### Task statement
Repeat each entry exactly and drop the pictures.

### Entries shown
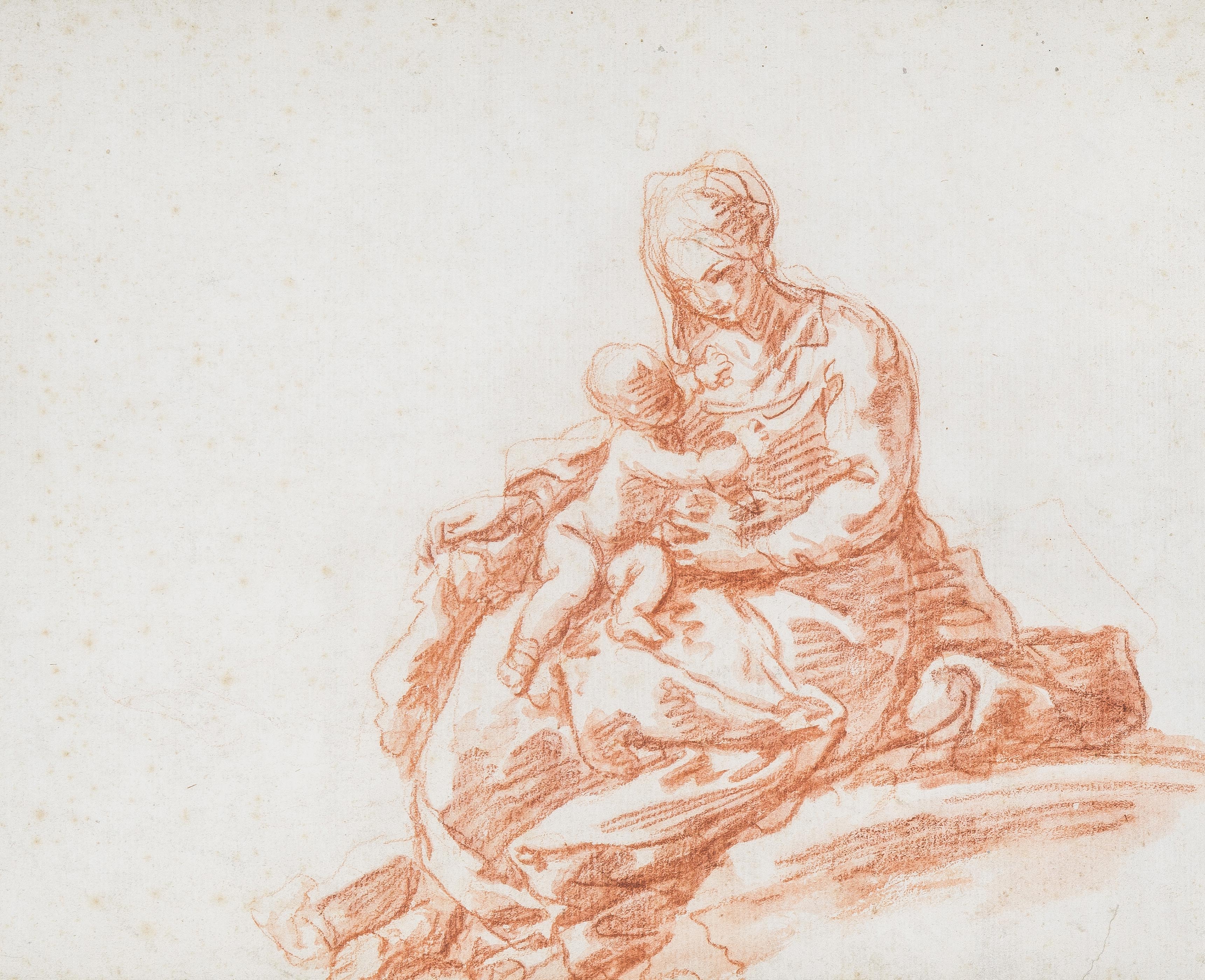 Maria mit Kind (verso: Heilige Familie mit dem Johannesknaben und der Vision des Kreuzes). Rötelzeichnung. 26,5x33,5 (Blatt). Gerahmt.
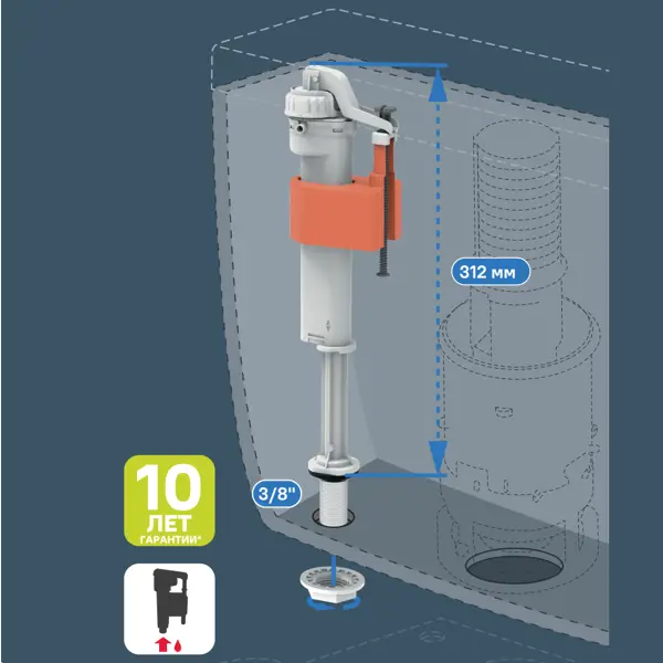 Наполнительный клапан Monlid с нижним подключением воды, с пластиковым штуцером 3/8' и возможностью регулировки уровня набора воды. Высота клапана - 312мм. Материал изготовления - прочный ABS пластик ### Комплектация: - клапан наполнительный нижнее подключение 3/8' пластиковый штуцер - комплект наклонных прокладок **БЕРЕЖНО К ЛЮДЯМ, БЕРЕЖНО К ПРИРОДЕ** - Этот товар имеет бесплатную расширенную гарантию от 3 лет. Благодаря увеличенному периоду бесплатного сервисного обслуживания вы продлеваете срок службы товара, экономите на покупке нового в случае поломки и снижаете влияние на окружающую среду.
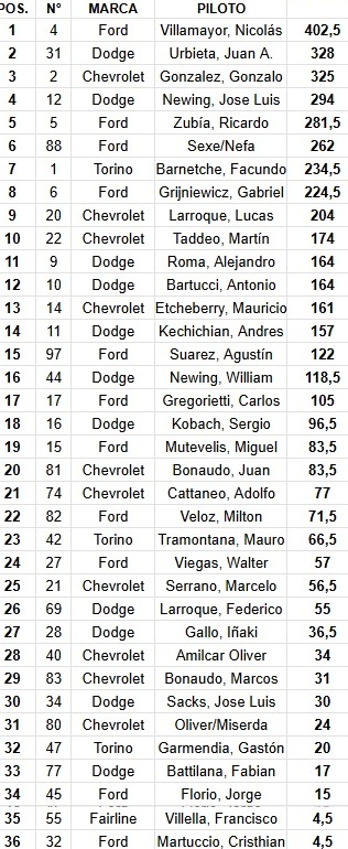 José Luis Newing (Dodge), que perdió rendimiento sobre el final por el desgaste que sufrieron los neumáticos de lluvia, terminó 2º a 2s420 y cosechó su 4º podio de la temporada. Por su parte, Agustín Suárez (Ford), otro piloto que tiene motores preparados por su padre, protagonizó un destacado avance desde el 10º puesto de largada hasta la 3ª posición, lo que le valió su primer “top 3” del año en su despedida del Falcon, ya que el próximo año correrá con una Chevy.
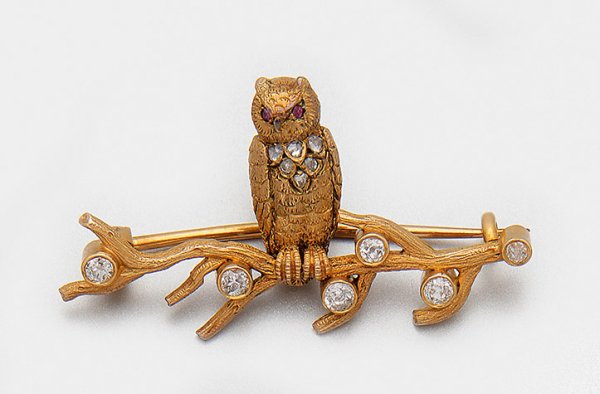 Viktorianische "Uhu"-Brosche mit Diamanten Gelbgold, 14 ct.; Vollplastische Darstellung eines Uhus auf einem Ast sitzend, besetzt mit Diamantrosen von zus. ca. 0,30 ct.; Sehr feine Goldschmiedeausführung. Gew. ca. 10,51 g.
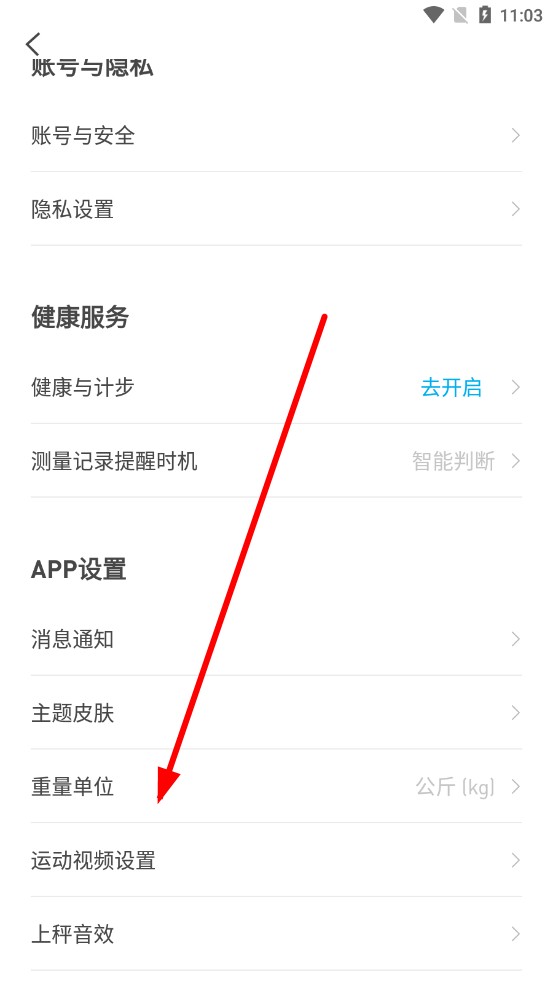 2、进入通用设置界面,下滑在「APP设置」栏找到「重量单位」选项并点击。

### Response to this exercise
 Maria mit Kind (verso: Heilige Familie mit dem Johannesknaben und der Vision des Kreuzes). Rötelzeichnung. 26,5x33,5 (Blatt). Gerahmt.
 Наполнительный клапан Monlid с нижним подключением воды, с пластиковым штуцером 3/8' и возможностью регулировки уровня набора воды. Высота клапана - 312мм. Материал изготовления - прочный ABS пластик ### Комплектация: - клапан наполнительный нижнее подключение 3/8' пластиковый штуцер - комплект наклонных прокладок **БЕРЕЖНО К ЛЮДЯМ, БЕРЕЖНО К ПРИРОДЕ** - Этот товар имеет бесплатную расширенную гарантию от 3 лет. Благодаря увеличенному периоду бесплатного сервисного обслуживания вы продлеваете срок службы товара, экономите на покупке нового в случае поломки и снижаете влияние на окружающую среду.
 José Luis Newing (Dodge), que perdió rendimiento sobre el final por el desgaste que sufrieron los neumáticos de lluvia, terminó 2º a 2s420 y cosechó su 4º podio de la temporada. Por su parte, Agustín Suárez (Ford), otro piloto que tiene motores preparados por su padre, protagonizó un destacado avance desde el 10º puesto de largada hasta la 3ª posición, lo que le valió su primer “top 3” del año en su despedida del Falcon, ya que el próximo año correrá con una Chevy.
 Viktorianische "Uhu"-Brosche mit Diamanten Gelbgold, 14 ct.; Vollplastische Darstellung eines Uhus auf einem Ast sitzend, besetzt mit Diamantrosen von zus. ca. 0,30 ct.; Sehr feine Goldschmiedeausführung. Gew. ca. 10,51 g.
 2、进入通用设置界面,下滑在「APP设置」栏找到「重量单位」选项并点击。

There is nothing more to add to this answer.